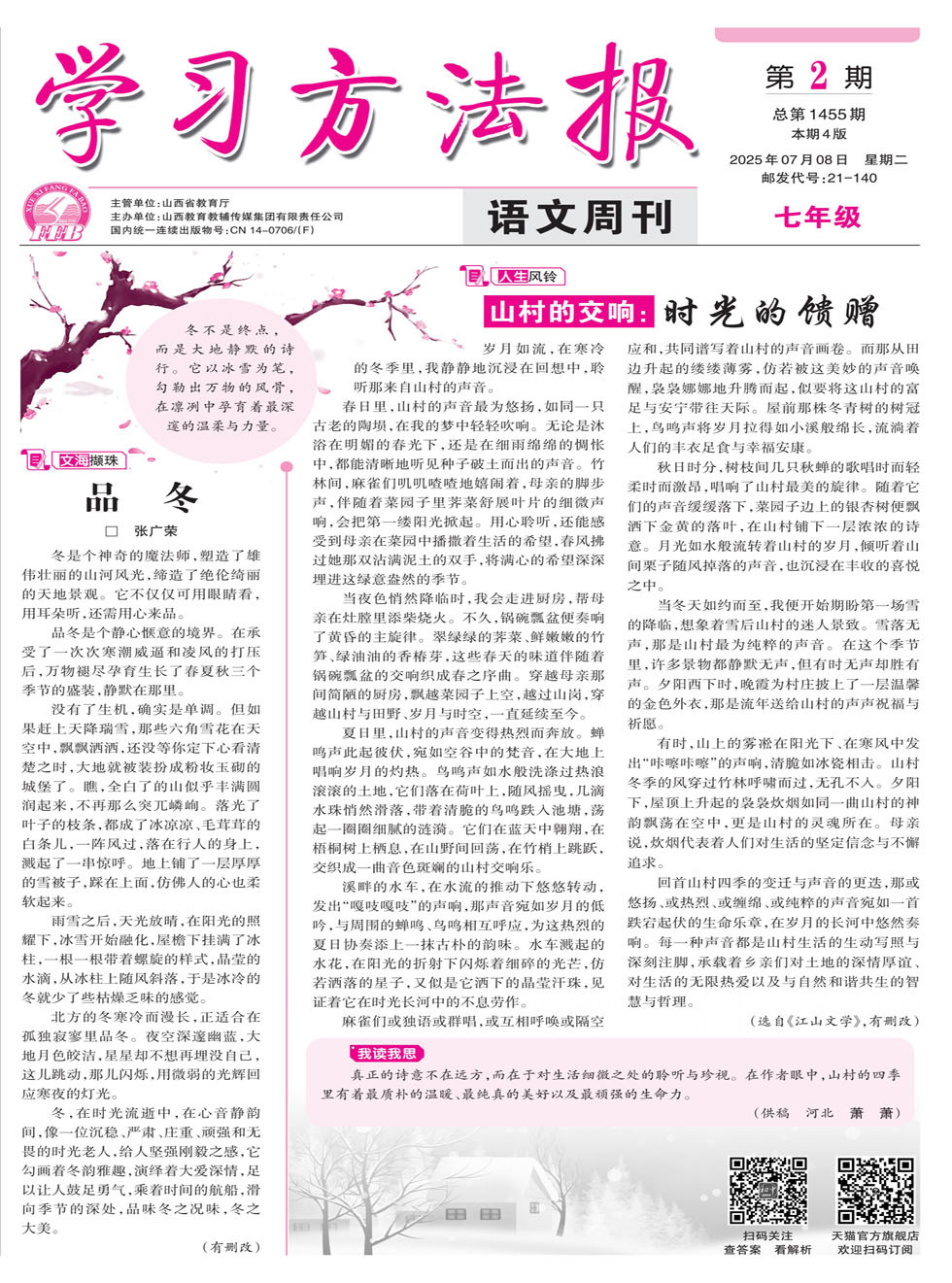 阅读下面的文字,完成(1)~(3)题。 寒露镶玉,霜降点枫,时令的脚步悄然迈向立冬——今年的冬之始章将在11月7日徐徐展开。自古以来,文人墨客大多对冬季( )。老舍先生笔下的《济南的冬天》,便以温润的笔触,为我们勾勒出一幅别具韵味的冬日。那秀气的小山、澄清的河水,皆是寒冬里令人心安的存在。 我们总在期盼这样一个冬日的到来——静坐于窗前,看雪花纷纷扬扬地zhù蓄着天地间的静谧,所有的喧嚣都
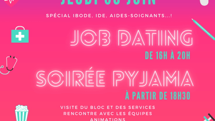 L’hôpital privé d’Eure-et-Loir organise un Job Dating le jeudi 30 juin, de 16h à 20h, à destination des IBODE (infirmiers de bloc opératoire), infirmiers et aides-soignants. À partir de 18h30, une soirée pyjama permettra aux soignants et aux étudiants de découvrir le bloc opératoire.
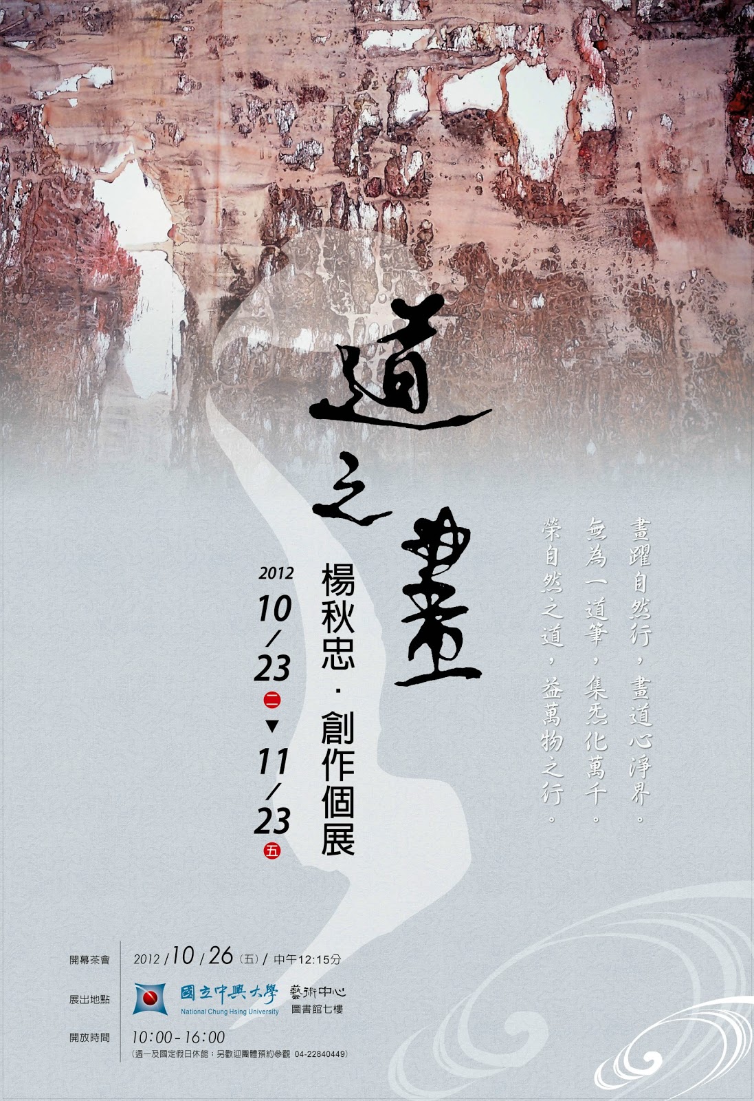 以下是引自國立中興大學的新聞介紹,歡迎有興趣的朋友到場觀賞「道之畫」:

· · · ·

TASK DESCRIPTION: Word for word, restate all of the data, but do not copy the pictures.

ANSWER FOR THE TASK:
 阅读下面的文字,完成(1)~(3)题。 寒露镶玉,霜降点枫,时令的脚步悄然迈向立冬——今年的冬之始章将在11月7日徐徐展开。自古以来,文人墨客大多对冬季( )。老舍先生笔下的《济南的冬天》,便以温润的笔触,为我们勾勒出一幅别具韵味的冬日。那秀气的小山、澄清的河水,皆是寒冬里令人心安的存在。 我们总在期盼这样一个冬日的到来——静坐于窗前,看雪花纷纷扬扬地zhù蓄着天地间的静谧,所有的喧嚣都
 L’hôpital privé d’Eure-et-Loir organise un Job Dating le jeudi 30 juin, de 16h à 20h, à destination des IBODE (infirmiers de bloc opératoire), infirmiers et aides-soignants. À partir de 18h30, une soirée pyjama permettra aux soignants et aux étudiants de découvrir le bloc opératoire.
 以下是引自國立中興大學的新聞介紹,歡迎有興趣的朋友到場觀賞「道之畫」:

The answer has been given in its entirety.